(GIVEN DATA Opens)
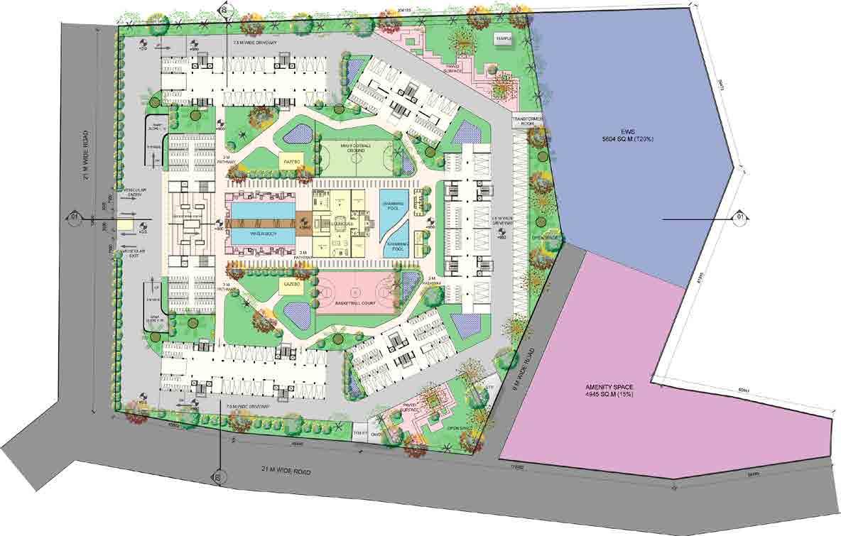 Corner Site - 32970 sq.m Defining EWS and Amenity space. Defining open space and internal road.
(GIVEN DATA Closes)
(GIVEN DATA Opens)
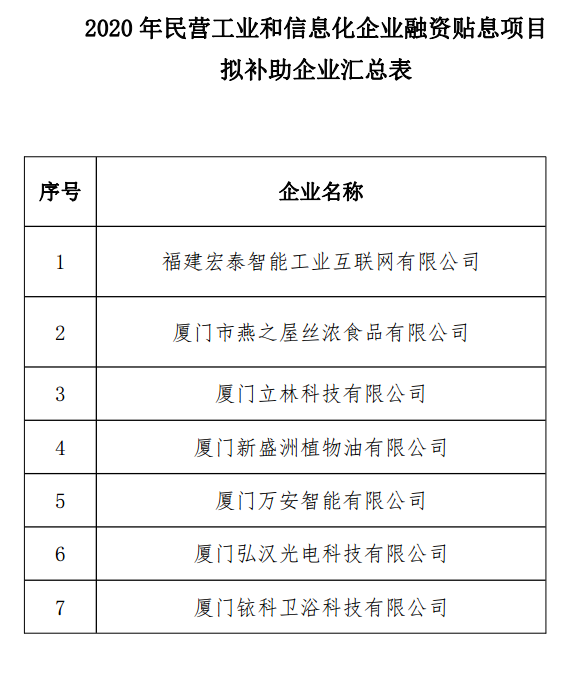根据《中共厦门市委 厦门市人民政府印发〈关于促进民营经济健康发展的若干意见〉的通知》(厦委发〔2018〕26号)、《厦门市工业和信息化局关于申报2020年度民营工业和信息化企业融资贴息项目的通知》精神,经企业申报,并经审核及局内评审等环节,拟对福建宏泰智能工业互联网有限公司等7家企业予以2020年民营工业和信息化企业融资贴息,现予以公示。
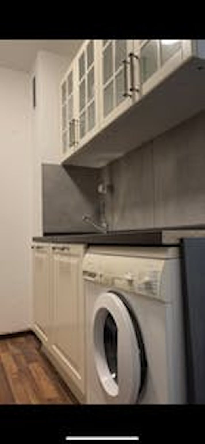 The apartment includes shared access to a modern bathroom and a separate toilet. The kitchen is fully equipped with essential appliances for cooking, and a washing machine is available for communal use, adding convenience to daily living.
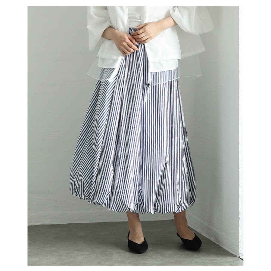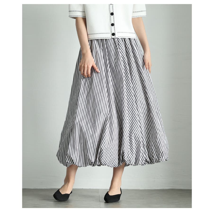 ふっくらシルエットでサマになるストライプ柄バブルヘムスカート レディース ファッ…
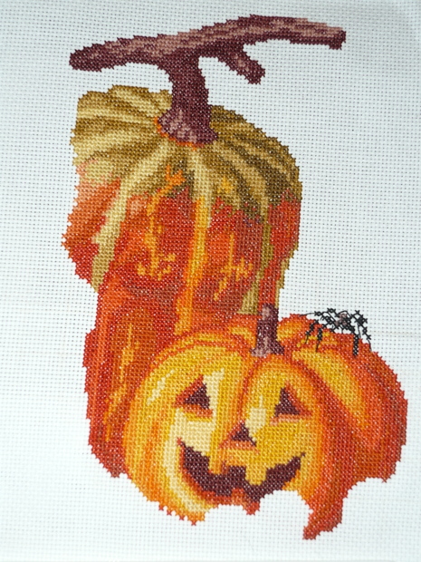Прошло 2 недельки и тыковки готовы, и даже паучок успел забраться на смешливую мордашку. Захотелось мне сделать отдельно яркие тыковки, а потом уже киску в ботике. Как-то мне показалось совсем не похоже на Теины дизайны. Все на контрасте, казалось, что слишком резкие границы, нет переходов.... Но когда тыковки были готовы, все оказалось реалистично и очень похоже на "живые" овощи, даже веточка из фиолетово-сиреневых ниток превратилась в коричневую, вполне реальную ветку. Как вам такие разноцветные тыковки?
(GIVEN DATA Closes)
### [TASK TO COMPLETE]
Copy exactly the lines of the listing above between the one holding "根据《中共厦门市委 厦门市人" and the one holding "Прошло 2 недельки", inclusive; omit all pictures.

### [EXPECTED ANSWER]
根据《中共厦门市委 厦门市人民政府印发〈关于促进民营经济健康发展的若干意见〉的通知》(厦委发〔2018〕26号)、《厦门市工业和信息化局关于申报2020年度民营工业和信息化企业融资贴息项目的通知》精神,经企业申报,并经审核及局内评审等环节,拟对福建宏泰智能工业互联网有限公司等7家企业予以2020年民营工业和信息化企业融资贴息,现予以公示。
 The apartment includes shared access to a modern bathroom and a separate toilet. The kitchen is fully equipped with essential appliances for cooking, and a washing machine is available for communal use, adding convenience to daily living.
 ふっくらシルエットでサマになるストライプ柄バブルヘムスカート レディース ファッ…
Прошло 2 недельки и тыковки готовы, и даже паучок успел забраться на смешливую мордашку. Захотелось мне сделать отдельно яркие тыковки, а потом уже киску в ботике. Как-то мне показалось совсем не похоже на Теины дизайны. Все на контрасте, казалось, что слишком резкие границы, нет переходов.... Но когда тыковки были готовы, все оказалось реалистично и очень похоже на "живые" овощи, даже веточка из фиолетово-сиреневых ниток превратилась в коричневую, вполне реальную ветку. Как вам такие разноцветные тыковки?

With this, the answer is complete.